# How to get Desktop PC Video and Audio through TV



## compu8588 (May 1, 2009)

I would like to be able to view my computer screen on my TV if that's possible and could use some help with the setup! I purchased an S-Video cable and an "RCA" cable for audio (?). There's a question mark there because I really had no idea which audio cable to purchase. This one in particular has a headphone jack on one end and both a red and white jack on the other (compatible with the usual red, white, yellow sockets you find on the backs of TVs, or so I assumed). 

I tried to pull this stunt off by plugging one end of the S-video into the appropriate sockets on the back of my computer hard drive and the other end into the back of my TV but I just got a whole but of "fuzzy snow" on the TV screen (on the "S-Video" TV channel). So I tried to plug in the headphone audio cable jack into the headphone socket of my computer hard drive and the other end (red and white jacks) into the color-coordinated sockets in the back of my TV (labeled "Input 1", etc). 

Yes, my computer was on. Yes, I restarted it after plugging in. Yes, the audio works on my desktop. And yes the audio jacks on the back on my TV are functional (I have used a DVD player through them and it works just fine!).

And yes, I got a whole bunch of nothing with these recent shennanigans b/c apparently I have no idea what I'm doing! No sound and no picture; just a whole lotta fuzz! Help please? Thank you so much for your time!


----------



## yustr (Sep 27, 2004)

First, welcome to TSF. :wave:

Relax, you're almost there. You have the audio hooked up correctly. Now you need to do two things for video: hook up the S-video cable to the "Video in" that corresponds to the audio. Most of the time they're grouped or stacked together to make it clear which goes with which.
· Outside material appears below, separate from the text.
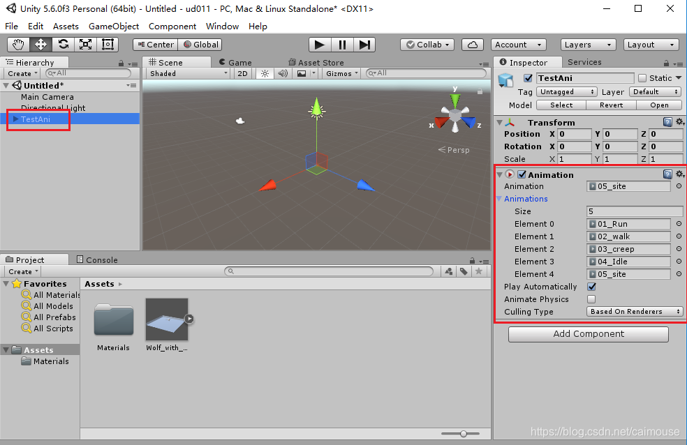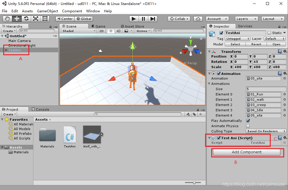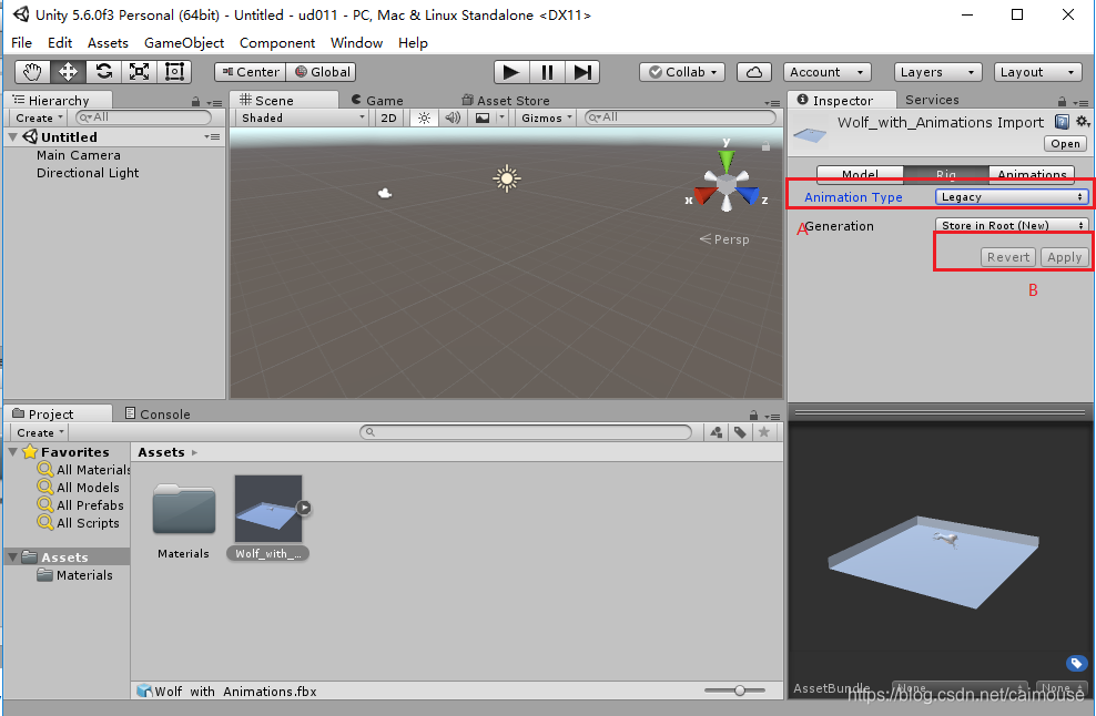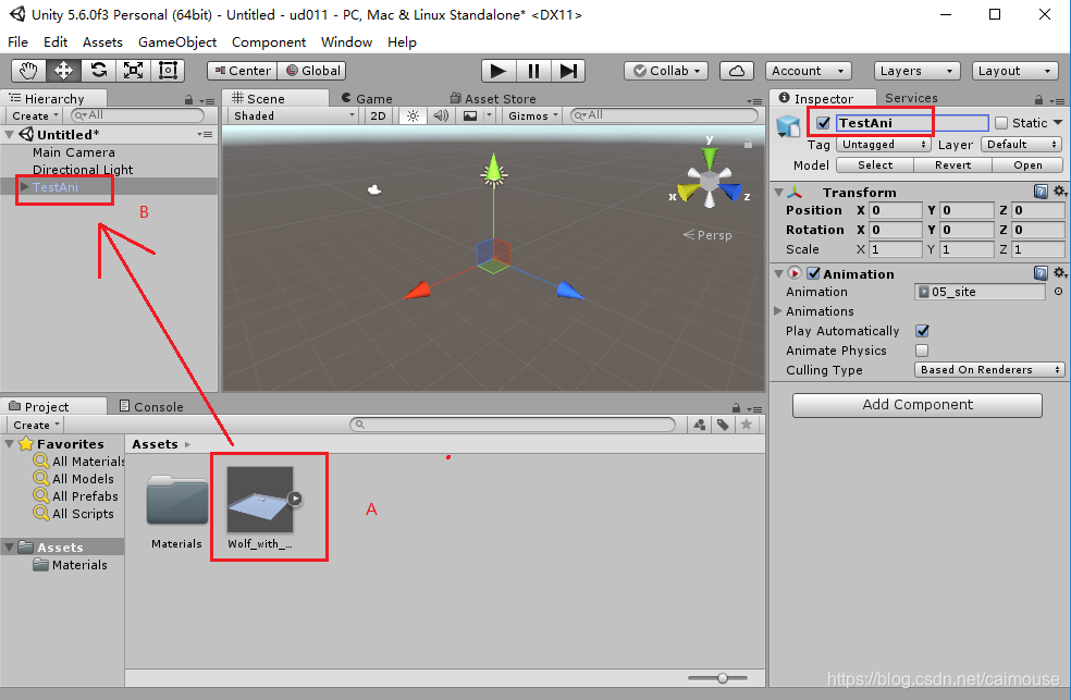这里可以看到已经是旧动画了,并且在B处点击应用Apply。这样修改动画的类型已经完成,接着下来,就是把这个动画拖放到场境里,并把它命名为TestAni,如下图:

Now for the critical part. You have to set the computer to a resolution that your TV can accept. Try 800x600. 

Once you do that make sure the TV is set to play the input that corresponds to where you hooked up the audio and video plugs and off you go.
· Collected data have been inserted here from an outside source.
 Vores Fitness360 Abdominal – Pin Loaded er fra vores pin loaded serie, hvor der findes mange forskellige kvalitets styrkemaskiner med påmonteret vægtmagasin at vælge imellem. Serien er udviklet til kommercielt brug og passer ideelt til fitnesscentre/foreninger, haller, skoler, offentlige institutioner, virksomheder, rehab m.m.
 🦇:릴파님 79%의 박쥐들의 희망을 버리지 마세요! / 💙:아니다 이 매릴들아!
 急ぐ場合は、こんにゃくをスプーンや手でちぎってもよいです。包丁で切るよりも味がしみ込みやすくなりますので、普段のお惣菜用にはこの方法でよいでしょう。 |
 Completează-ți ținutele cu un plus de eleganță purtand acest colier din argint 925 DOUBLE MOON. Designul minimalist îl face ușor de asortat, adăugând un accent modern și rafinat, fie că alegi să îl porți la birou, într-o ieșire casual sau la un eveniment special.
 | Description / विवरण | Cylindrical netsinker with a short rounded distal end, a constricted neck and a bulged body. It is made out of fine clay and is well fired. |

If you're still having problems post back with the make and model of the TV and we'll try to help get it working properly.


----------



## compu8588 (May 1, 2009)

I am SO sorry I have not replied before today! School is killing me slowly and takes up ALL my time. Anyways, I tried what you suggested and unfortunately still have no success :sigh: I don't have the TV model in front of me at the moment, but the next I actually see my TV face-to-face instead of these books, I will post again! Thanks again for your initial reply!!


----------



## Raylo (Feb 12, 2006)

Another easy way is if your TV has a PC input. Both of my LCD TVs have this feature which comprises a regular monitor connector for a standard PC monitor cable and a minijack stereo jack for audio. So you connect the monitor cable from the PC (I use a laptop that has a connector for an external monitor) to the TV connector and the audio cable from the headphone or speaker out jack on the PC to the TV jack. Then select the PC source on the TV. With the laptop on my wireless network this is great for watching webcasts or on-demand web video. For instance I have been watching the Giro d'Italia video feed from Universal Sports website. No commercials.... can't beat it! You can also just use the TVs like very big PC monitors for regular applications. Of course this method only works if your TV has the requisite connectors for a PC source. Good luck.


----------



## bilbus (Aug 29, 2006)

Svideo looks bad, if you have dvi/hdmi you would be much better off with that.


----------